Poots represents the most reactionary layer of the Loyalist DUP voters. Loyalist paramilitaries have for months been threatening to carry out sustained violence if the Protocol is not removed or amended to allow for unfettered movement of goods and people across the United Kingdom. They came true to their word when they launched a one-week terror offensive across the north of Ireland at the end of March and beginning of April. Tensions that had been building among Loyalists since January, when the impacts of Brexit began to be felt, exploded. The ostensible trigger was the PSNI crackdown on Loyalist UDA drug gangs and the PSNI’s decision not to prosecute Sinn Fein politicians who attended IRA-man Bobby Storey’s funeral in alleged breach of Covid legislation.

After losing the leadership contest, Donaldson’s team leaked to the press its preparedness to force Stormont to collapse to send the Johnson government a warning that the DUP is ready to escalate its opposition to the Protocol. In her final visit to Downing Street as first minister, Foster told reporters that Johnson needs to intervene because the Protocol is ‘narrow[ing] the common ground’ in the north of Ireland and doing ‘real damage to the union’. 
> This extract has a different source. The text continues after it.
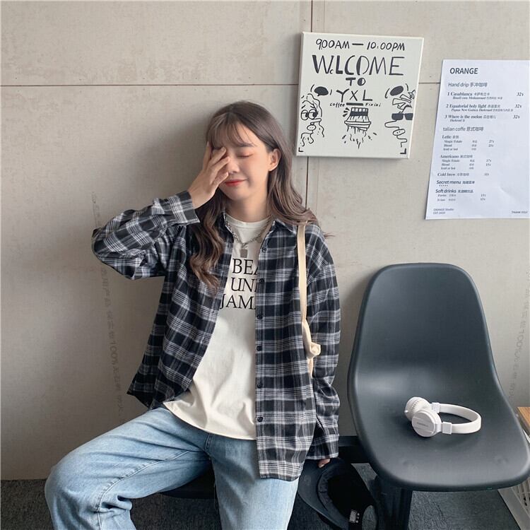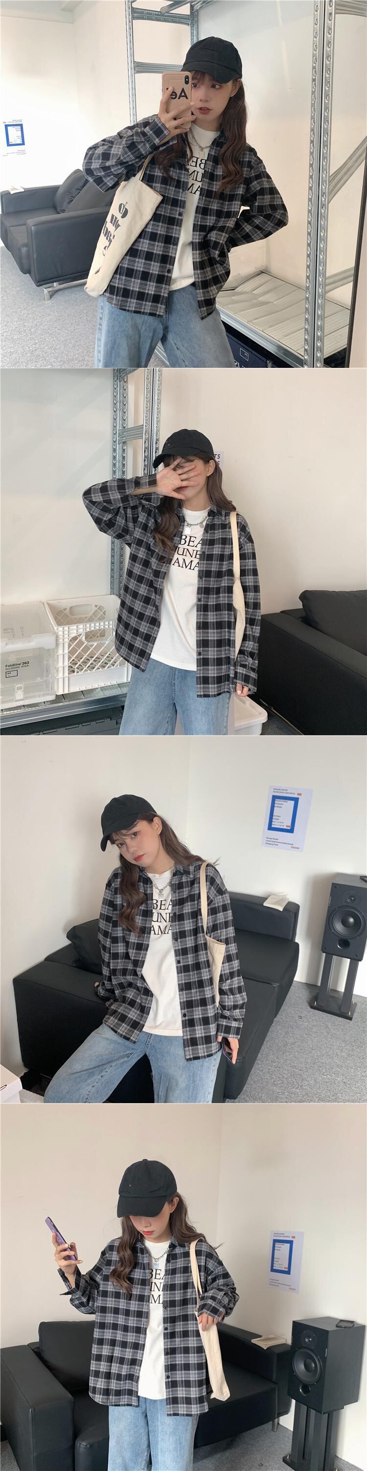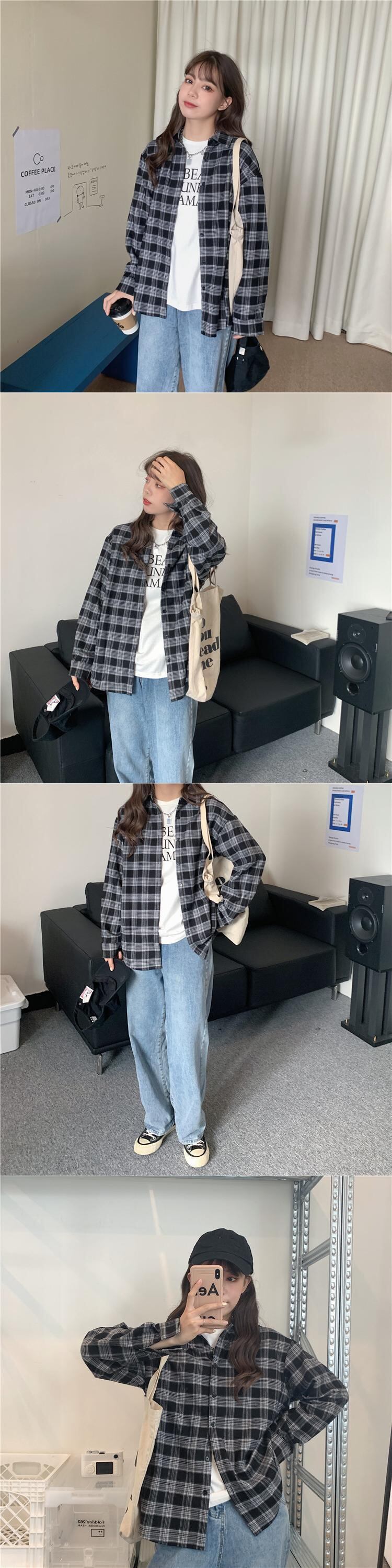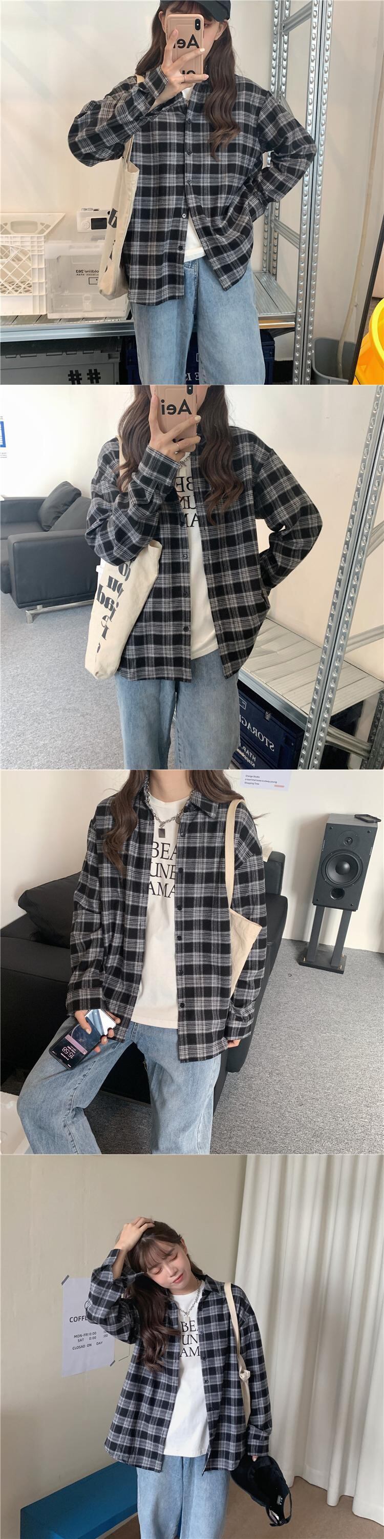 スプリングカジュアル格子柄シャツ ジャケット ロング 春物 YY-ファッション59797155264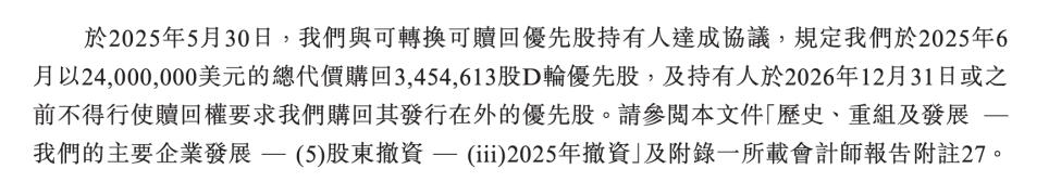 截至2024年12月31日,海拍客已花费1100万美元(约合人民币7800万)回购了部分D轮优先股。就在递交招股书前一个月,即2025年5月30日,公司又签订协议,承诺在2025年6月支付2400万美元(约合人民币1.7亿)回购更多D轮优先股,同时持有人需在2026年底前不行使赎回权。

The DUP will alienate middle-class Unionists as it holds onto its reactionary base. Its hard stance on Brexit has already seen sections of these Unionists leaving to align themselves with the pro-EU centrist Alliance Party. Even Foster has announced she is leaving the DUP because ‘we are regressing and becoming more narrow. It is quite nasty.’ A LucidTalks poll reported in the Belfast Telegraph and Irish Times on 22 May predicted Sinn Fein will win the Northern Ireland Assembly’s elections in 2022, giving them, for the first time in history, the post of first minister. The poll indicates that the power-sharing executive will become more irrelevant as the DUP – whose approval rating has plummeted to 9% lower than Sinn Fein’s 25% – seek other avenues to promote its interests.